Robert Ludlum’s “Jason Bourne” series is one of the publishing world’s most popular international espionage franchises.
Ludlum died in 2001 after having penned some 25 books, which have sold over 300 million copies and have been translated into 33 languages.
There was a time when I didn’t start the latest Ludlum until Friday night because I knew I would be up until the dawn, making sure Bourne – and Ludlum’s other heroes – lived through his latest adventure.
Not so anymore.
In rare interviews prior to his death, Ludlum denied having any insider knowledge of the underbelly of the world of intelligence.
In fact, he claimed to have put his children through college from the royalties he earned as the voice of the Tidy Bowl Man.
If you believe that, then I have some oil-free water from the Gulf of Mexico for sale.
Ludlum knew too much to have been a mere observer of the cold war.
Ludlum’s publishers have tapped science fiction writer Eric Van Lustbader to carry on the franchise. Lustbader has written four follow-up “Bourne” stories, with relative success. I’ve read each one, hoping there would be a gradual improvement in his skills.
“The Bourne Objective” will be the last Jason Bourne story I read.
Instead of soaking up every word on the page, I was left yearning for the end of each chapter. It took almost a week and a half for me to finish “The Bourne Objective.” It was that bad.
In this book, Bourne is still recovering from the death of his friend, art dealer Tracy Atherton.
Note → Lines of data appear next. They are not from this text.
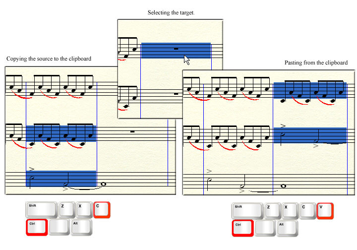 (or cut) and paste music. When you paste, existing music is overwritten.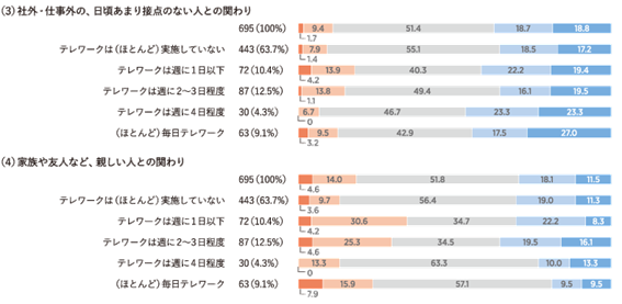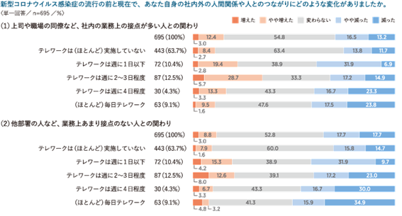 図表1 コロナ禍以前と比較した人との関わりの変化(テレワーク実施頻度別)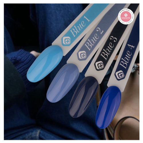 De Magnetic gelpolish collectie Blue richt zich volledig op blauwtinten — van subtiel pastel tot diep marineblauw — en straalt zowel rust als kracht uit. Deze collectie biedt voor iedereen de perfecte blauwe nuance.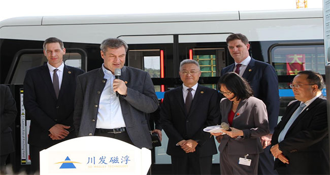 实地考察结束后,索德尔州长在磁浮交通示范车站发表了热情洋溢的讲话,首先对公司磁浮交通项目给予充分肯定,对这个中德合作项目寄予厚望。索德尔表示,巴伐利亚州高度重视科技创新,将积极促成这套磁浮交通系统在德国巴伐利亚州本土和巨大的中国市场推广应用。他希望中德双方合作伙伴要进一步加强在科技创新领域方面的交流合作,尽快推动首个磁浮商业示范项目落地实施并投入运营,尽快展示其技术优势和商业应用价值。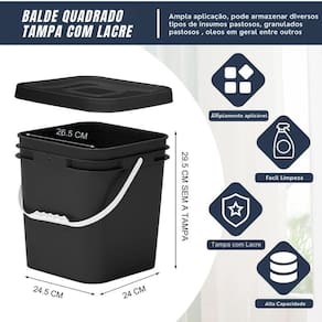 Embora não seja adequado para armazenar alimentos, o balde é perfeito para o envase e armazenamento de produtos como tintas, argamassas, graxas, cimento queimado, massa corrida, epóxi, compostos para compostagem, óleos industriais, detritos, granulados, pastosos, líquidos e outros materiais utilizados na construção civil e indústrias.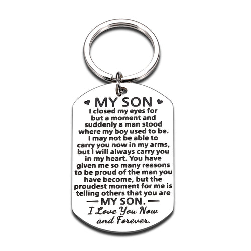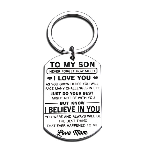 Inspirational Gifts to My Son Keychain from Mom Never Forget How Much I Love You Birthday Christmas Graduation Gift for Boys Teens Coming-of-age Back to School Pendant from Mother in Law Stepmother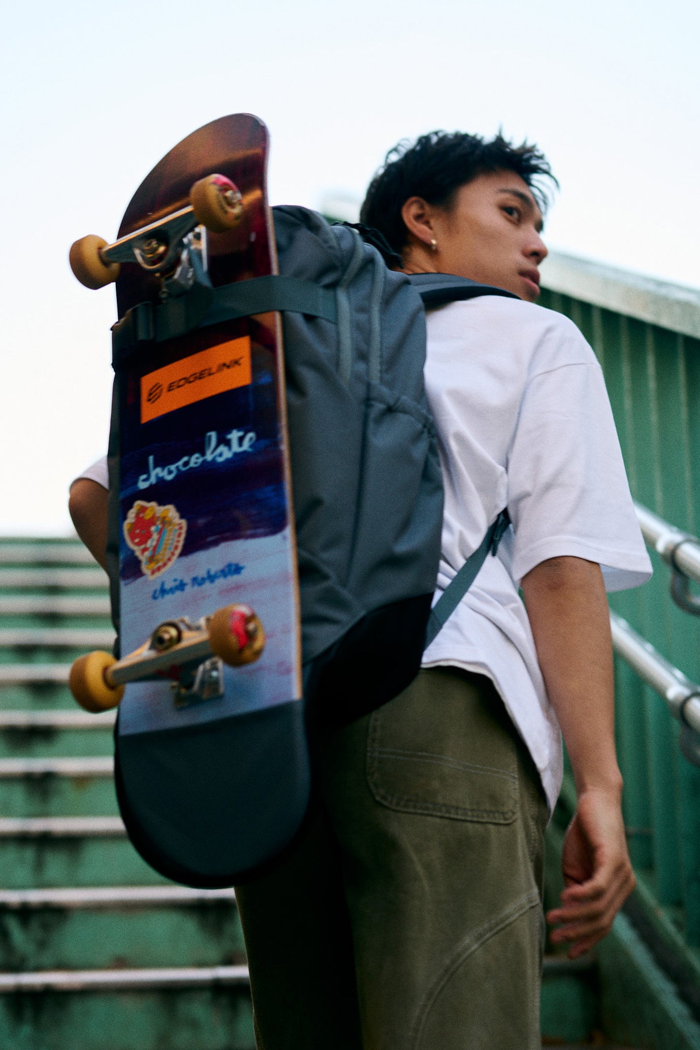 エッジリンク独自開発のスケートボードホルダーを搭載したリュック。

Before she died in his arms, Atherton gave Bourne a gold wedding band engraved with ancient letters that hold a valuable secret – a secret every bad guy on the planet wants.
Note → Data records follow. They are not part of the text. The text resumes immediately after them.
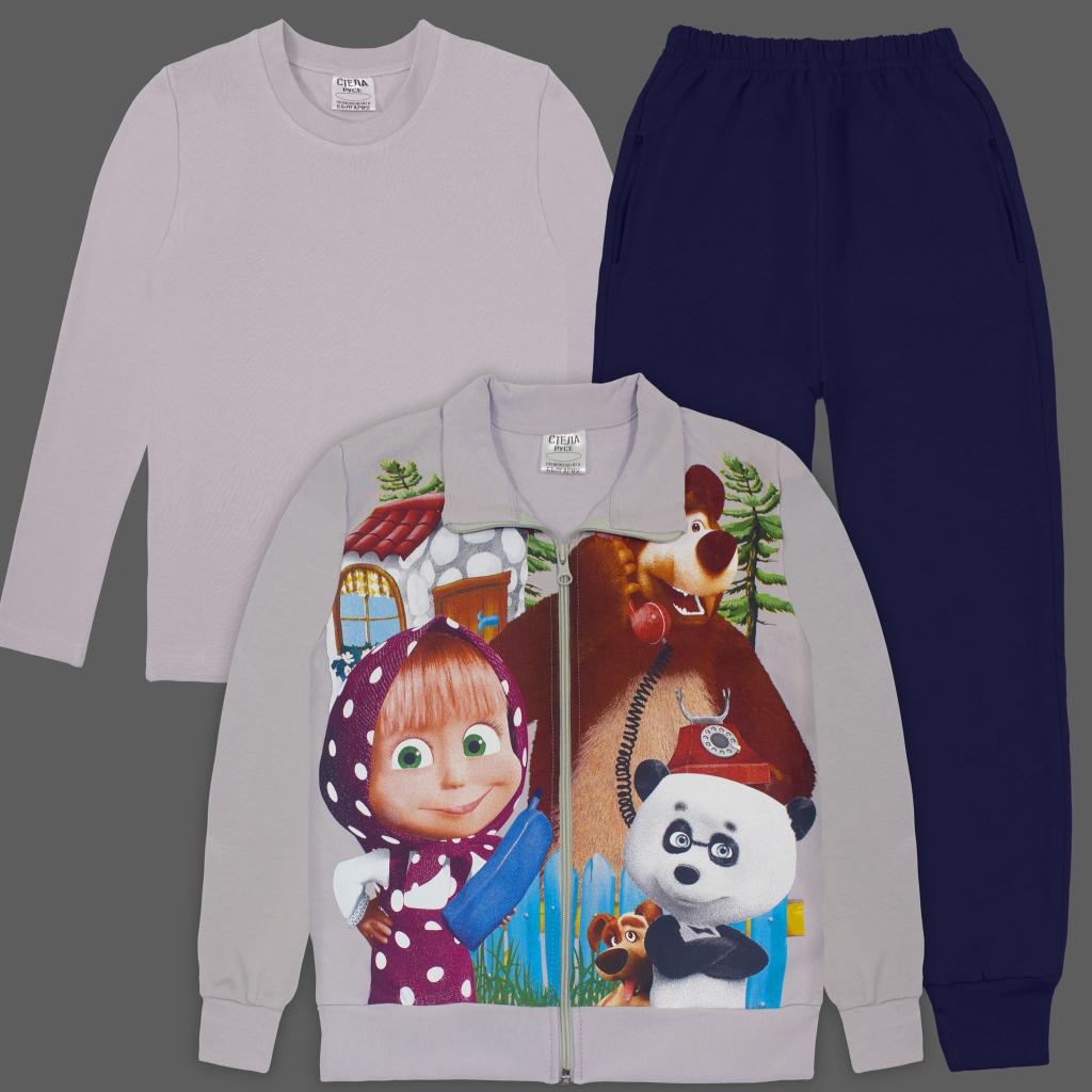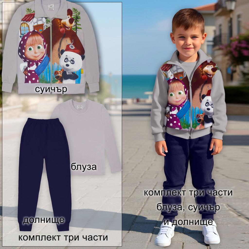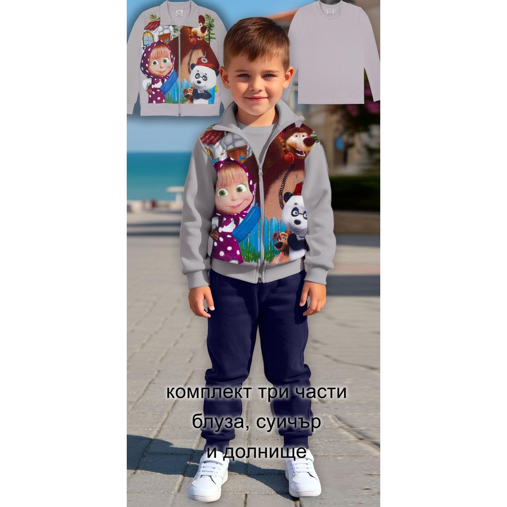 Комплект плътен 3 части (с/б/д) Маша и Мечока в сиво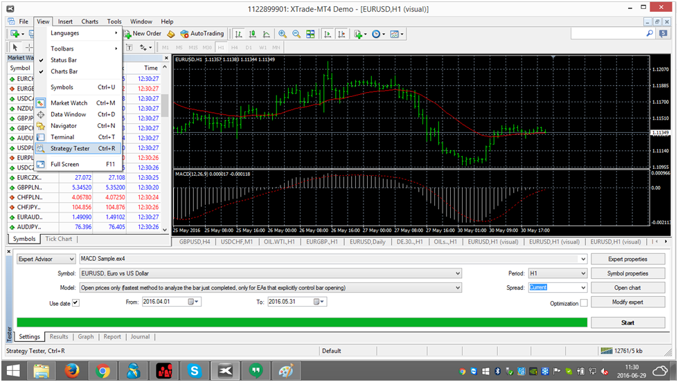 MT4 ti consente di usare delle strategie di automatizzate e di fare il loro backtest con il Tester Strategia di MT4. Puoi usare questa funzione per analizzare qualsiasi risultato ed ottimizzare la tua strategia automatizzata. Per attivare il Tester Strategia, devi semplicemente scegliere l’opzione Tester Strategia da “Visualizza”, posto sulla barra degli strumenti, oppure premere CTRL + R sulla tastiera .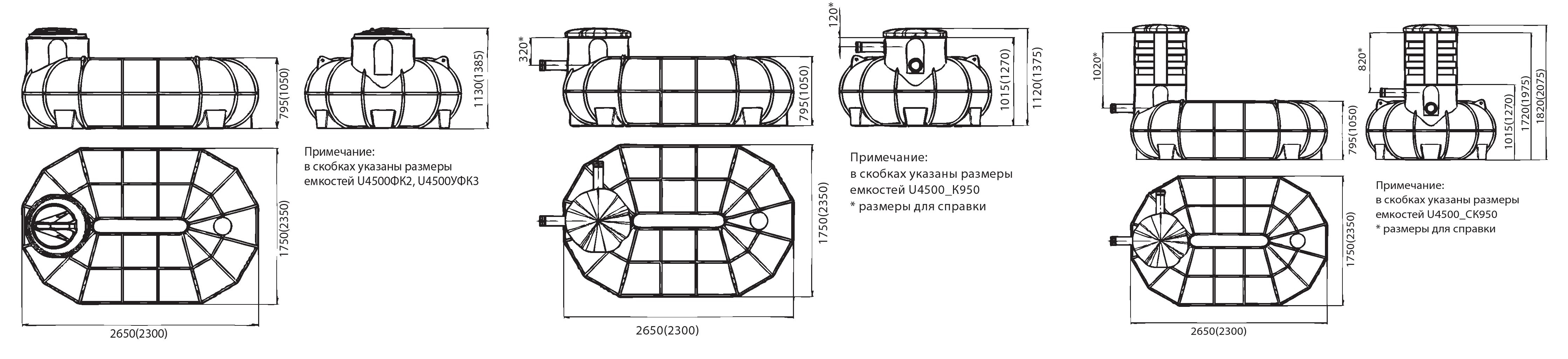 Емкости U2000ФК2® объемом 2000 л и U4500ФК2® объемом 4500 л предназначены для стационарного наземного хранения жидкостей. Емкости комплектуются крышками с дыхательным клапаном, диаметр отверстия в люке 380 мм. Возможна установка фильтра заливной горловины. Для перемещения пустой емкости краном в ее верхней части предусмотрены четыре проушины. Емкости U2000_К590® объемом 2000 л и U4500_К590® объемом 4500л неглубокого залегания предназначены для подземного накопления и хранения воды в т.ч. дождевой. Емкости комплектуются крышками в виде декоративного камня, диаметр отверстия в люке 590 мм. Глубина залегания входной трубы от 120 до 320 мм. |

The subplot of this book involves reuniting Bourne with his arch-enemy, Russian Leonid Arkadin, who was once a student of the CIA’s covert Treadstone, the organization that also trained Bourne. Treadstone was shut down, but not before they tried to kill Bourne, leaving him for dead and with a nasty case of amnesia.
Bourne has spent every book since the 1980 debut of “The Bourne Identity” trying to find why he became the hunted instead of the hunter.
In “The Bourne Objective,” there are too many plots and too many characters, keeping the reader from really investing in any part of the story. No author on the planet could weave a complete story from all these threads – and I doubt Ludlum would even recognize his hero.
It’s hard to watch such a tortuous end to a great fictional character. Maybe it’s time to let Bourne find peace. He’s not getting any younger, and I’d say he’s earned a quiet, calm, violence-free life.